_EXERCISE REQUIREMENTS_
Produce exactly the lines from the one holding "حاوية مقسمة للطعام" through the last line of the data below, with every picture left out.

★ ★ ★ ★ ★ ★ ★

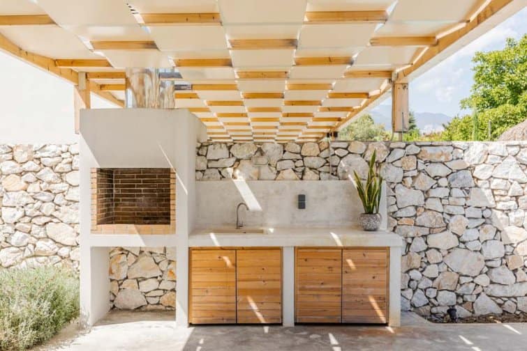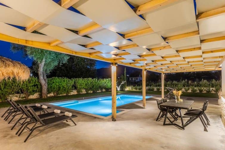 This beautiful stone built villa offers two air-conditioned bedrooms and three shower rooms, along with an open plan living area, featuring a comfortable lounge and equipped kitchen area, which leads out onto the shaded terrace area, here you will find a brick built BBQ- alfresco dining facilities, and sun loungers to enjoy the glorious Greek sunshine. At night the villa is lit up, providing a great relaxing space to enjoy local food and wine.
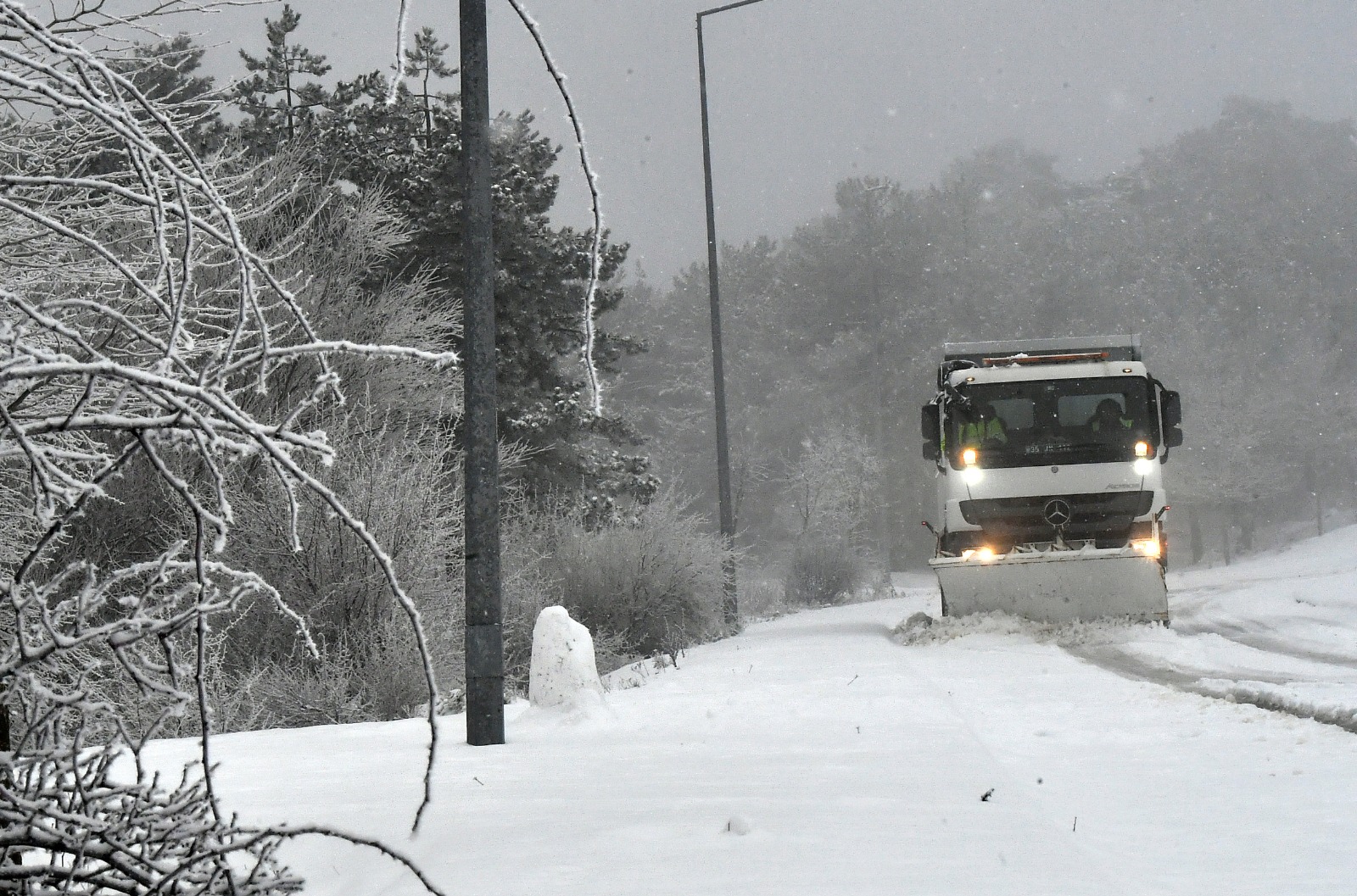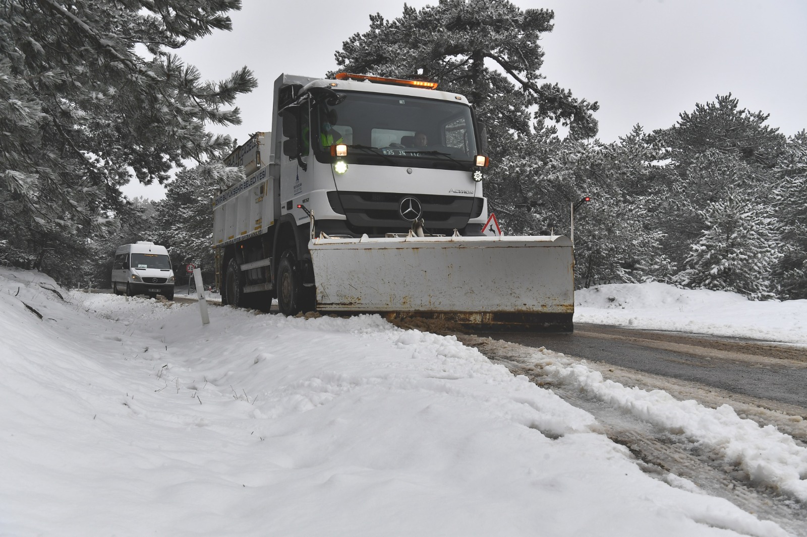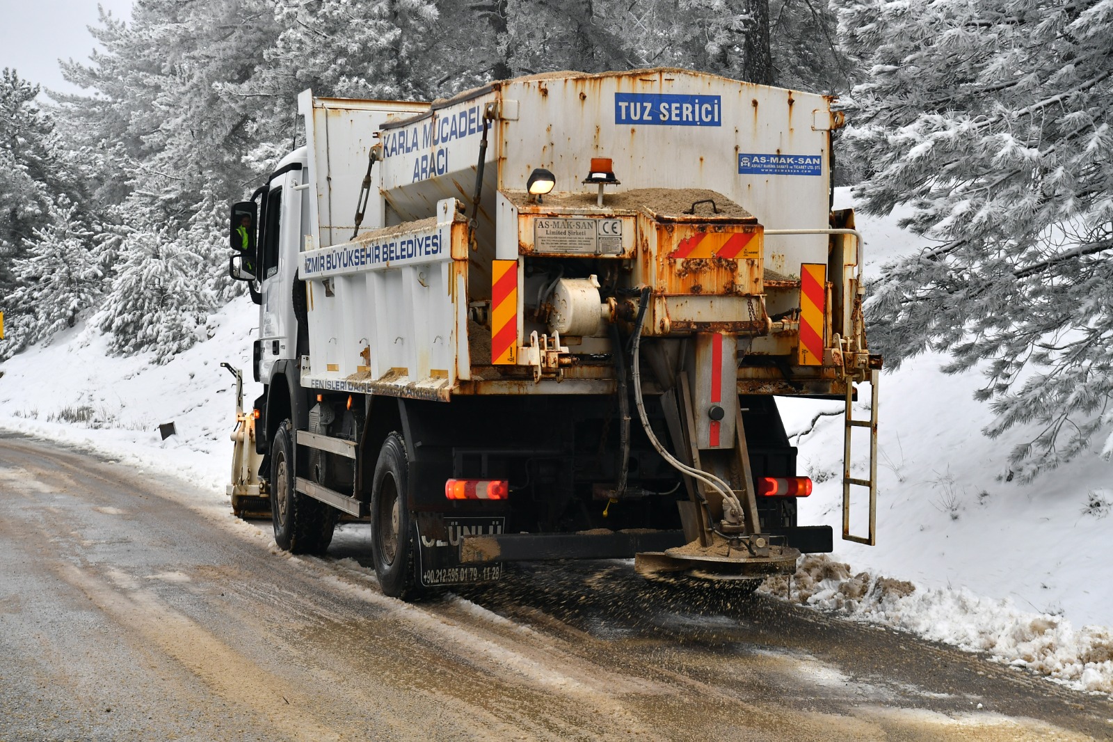 Karayolları ve İzmir Büyükşehir Belediyesi ekipleri bölgede kar küreme ve tuzlama çalışması yapıyor.
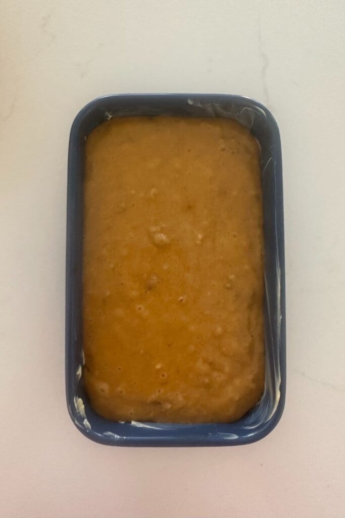- Pour mixture into the prepared loaf pan. The batter for this sourdough pumpkin discard bread is quite runny, but don't worry, it will bake up just fine.
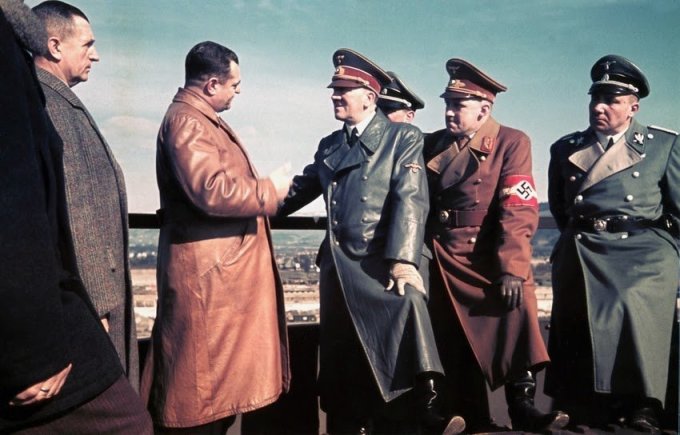 Martin Bormann (đeo băng tay) đứng sau Adolf Hitler trong một sự kiện năm 1943. Ảnh: Tradera
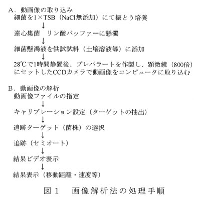 - 画像解析装置を利用した方法は、軟寒天法のように土壌溶液に熱を加えることなく利用できるため、土壌溶液の熱による変性等もなく、しかも少量の試料で、土壌中で実際に細菌が生息している条件で細菌の運動性を解析できる。
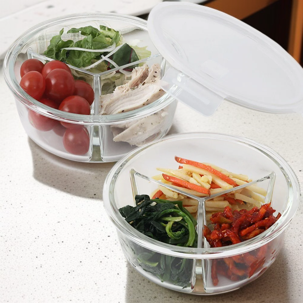 حاوية مقسمة للطعام من الزجاج المقاوم للحرارة (دائرية، 3 أقسام، 2 قطعة)
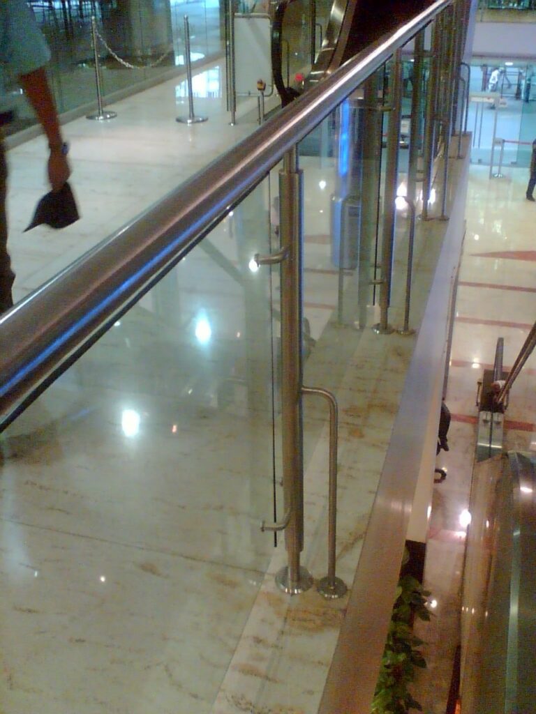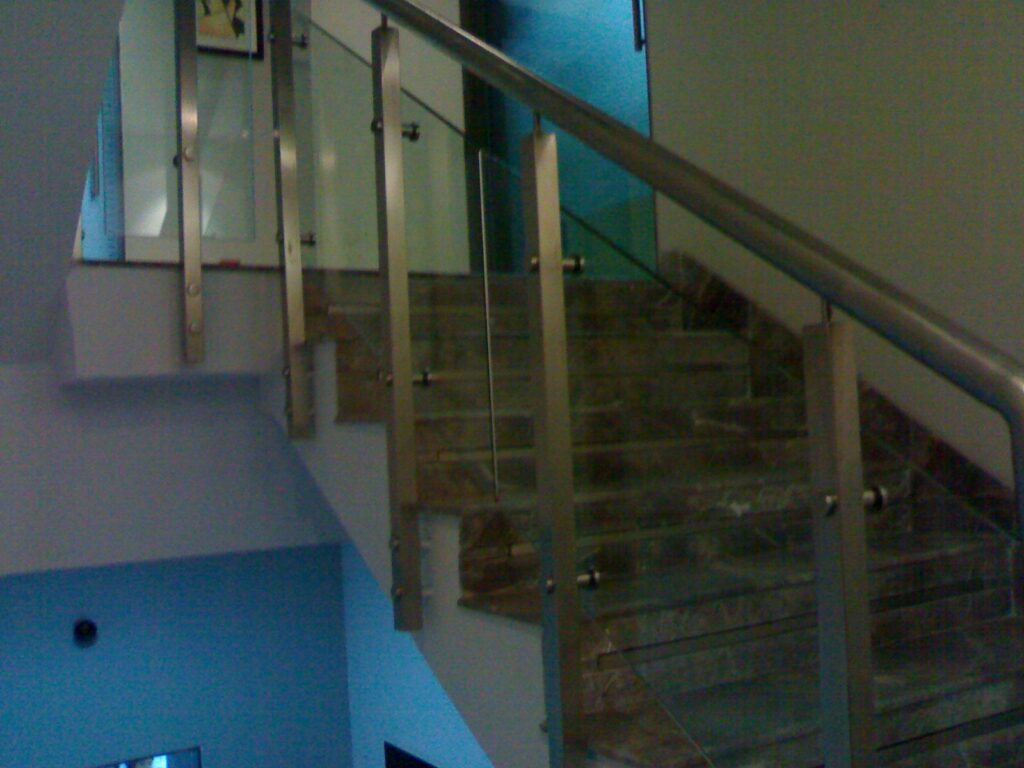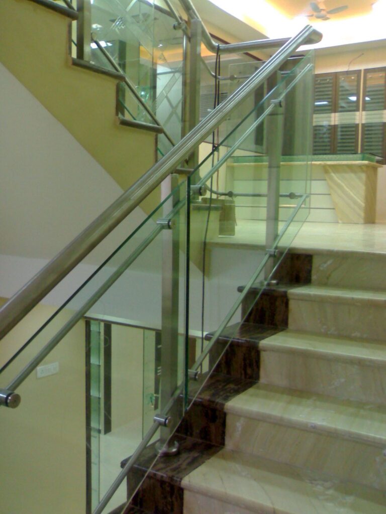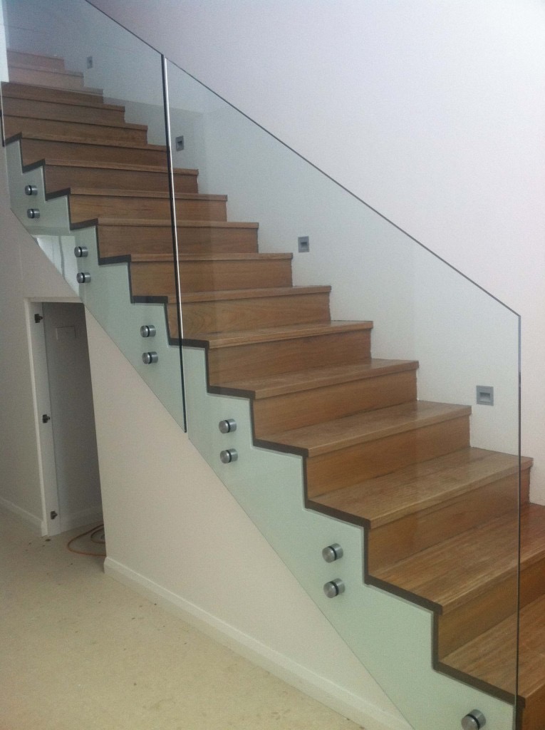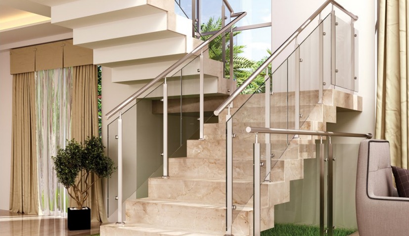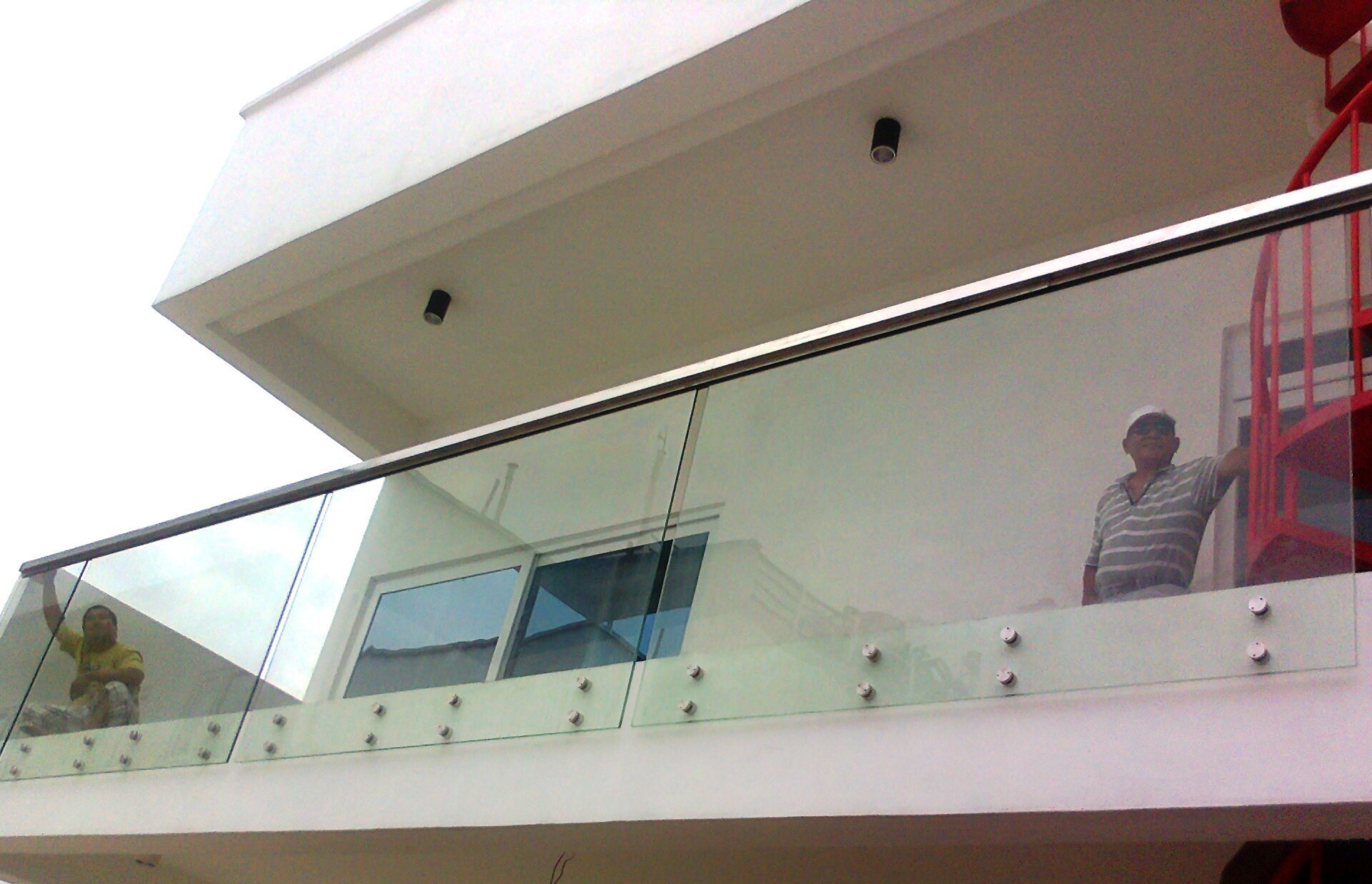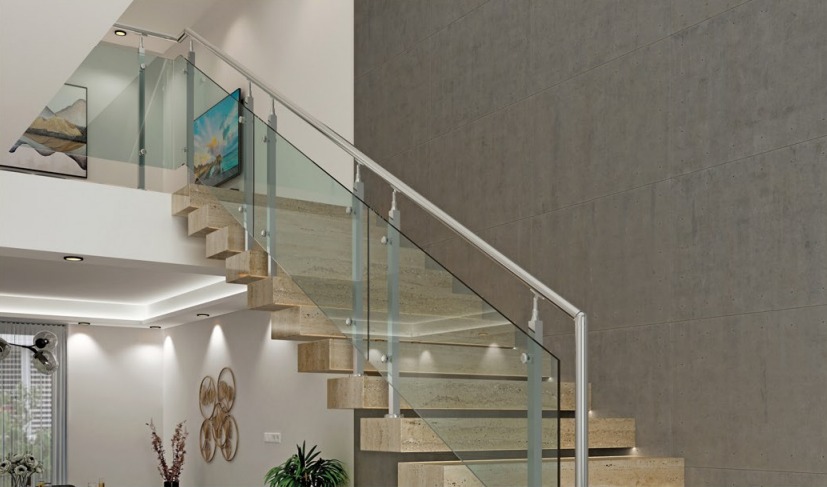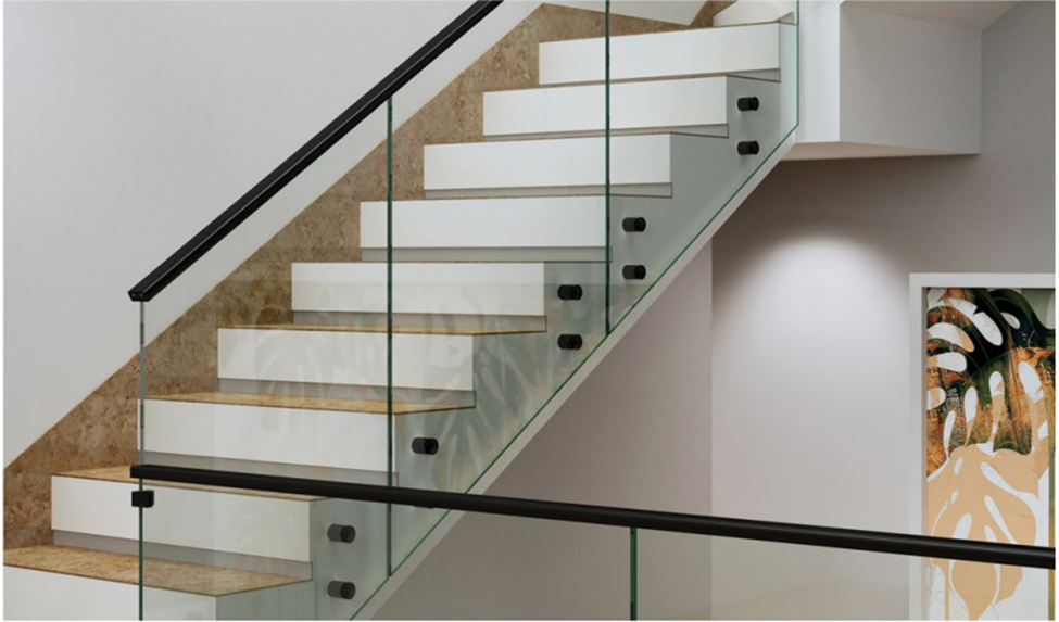(often called Standoff or Pin-Fixed railing) is a premium frameless glazing solution where the glass panels are secured to the side of a staircase, balcony, or floor slab using circular stainless steel bolts.

★ ★ ★ ★ ★ ★ ★

_RESPONSE FOR THIS EXERCISE_
 حاوية مقسمة للطعام من الزجاج المقاوم للحرارة (دائرية، 3 أقسام، 2 قطعة)
(often called Standoff or Pin-Fixed railing) is a premium frameless glazing solution where the glass panels are secured to the side of a staircase, balcony, or floor slab using circular stainless steel bolts.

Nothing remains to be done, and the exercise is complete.